- Your objective: Once the pictures are set aside, repeat all of the data below exactly.

- Recorded information:

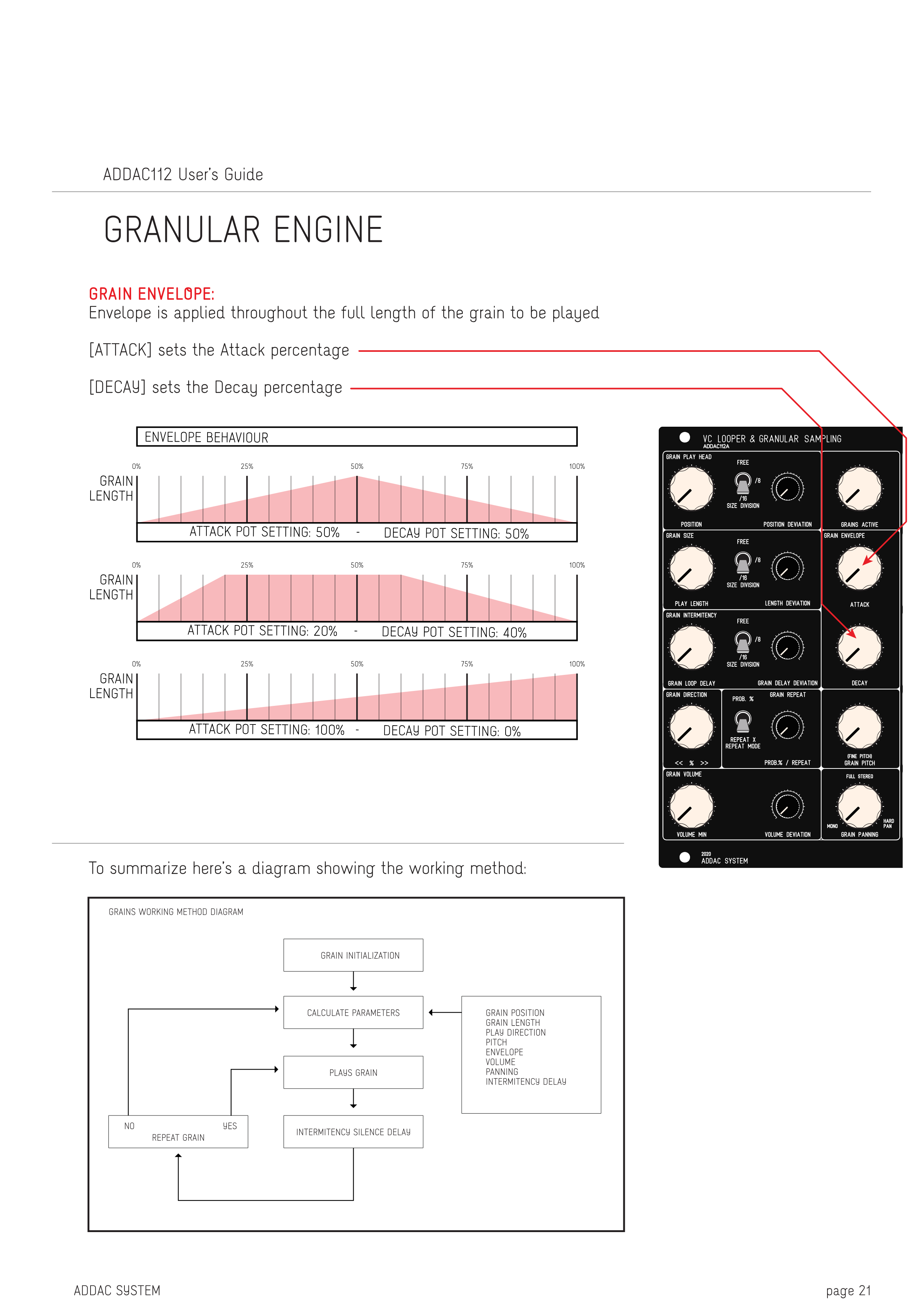 0% 25% 50% 75% 100% ATTACK POT SETTING: 20% - DECAY POT SETTING: 40% GRAIN LENGTH
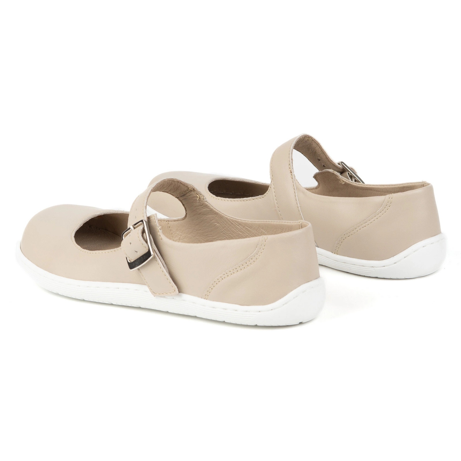 Detalhes: Barefoot Women's Ballerinas Olivier 1286 - Sapatos de couro com fivela para estilizações todos os dias e elegantes bege
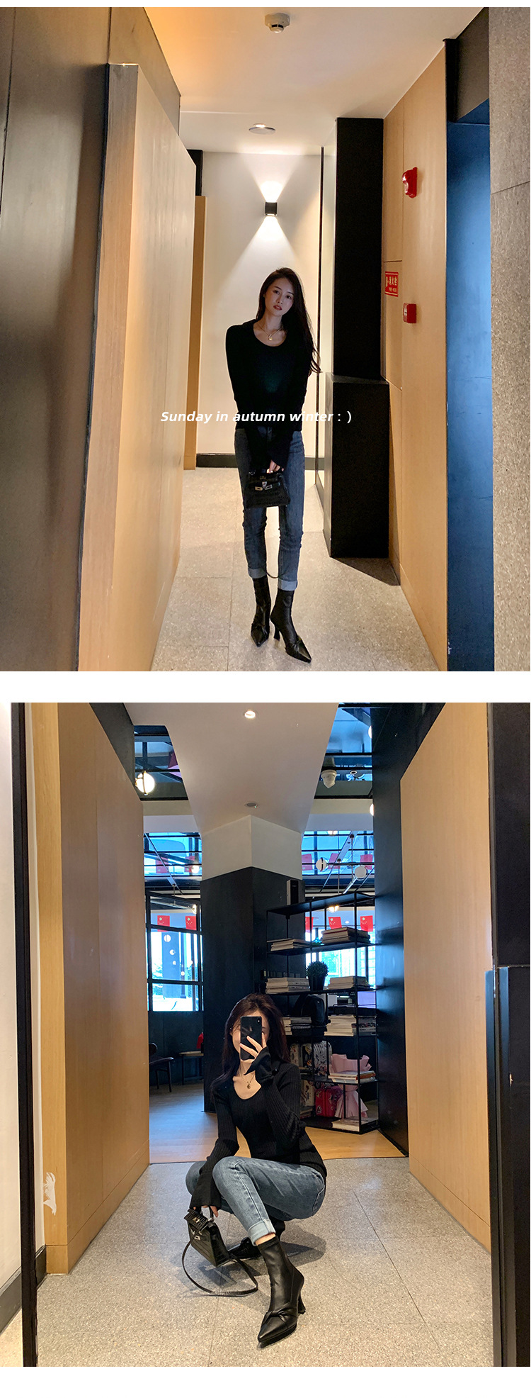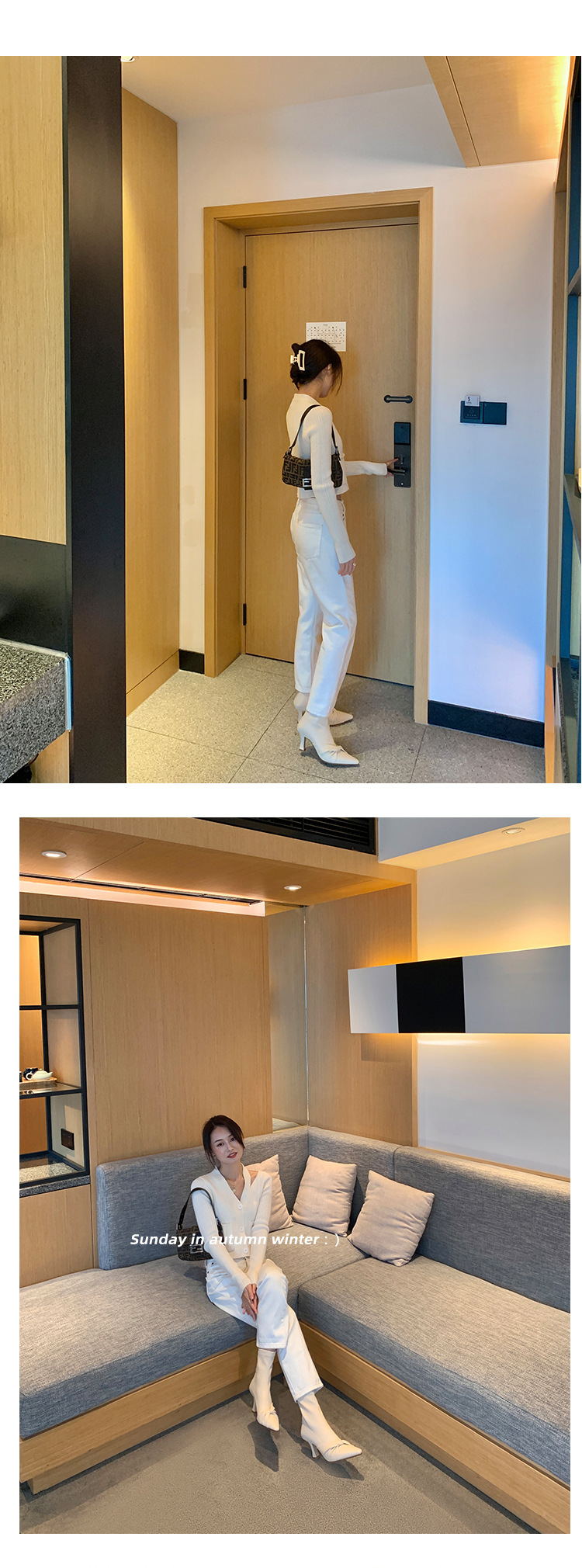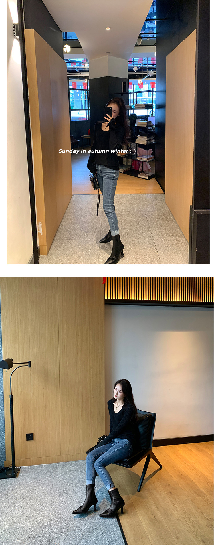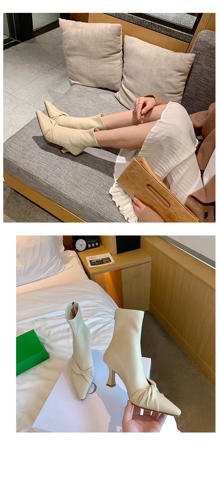 프렌치 포인트 토 숏 부츠 여성용 부드러운 가죽 미드 배럴 싱글 부츠 2023 새로운 스타일 얇은 힐 부츠 하이힐 인터넷 연예인 스트레치 씬 부츠스토어 가기

- Reply:
 0% 25% 50% 75% 100% ATTACK POT SETTING: 20% - DECAY POT SETTING: 40% GRAIN LENGTH
 Detalhes: Barefoot Women's Ballerinas Olivier 1286 - Sapatos de couro com fivela para estilizações todos os dias e elegantes bege
 프렌치 포인트 토 숏 부츠 여성용 부드러운 가죽 미드 배럴 싱글 부츠 2023 새로운 스타일 얇은 힐 부츠 하이힐 인터넷 연예인 스트레치 씬 부츠스토어 가기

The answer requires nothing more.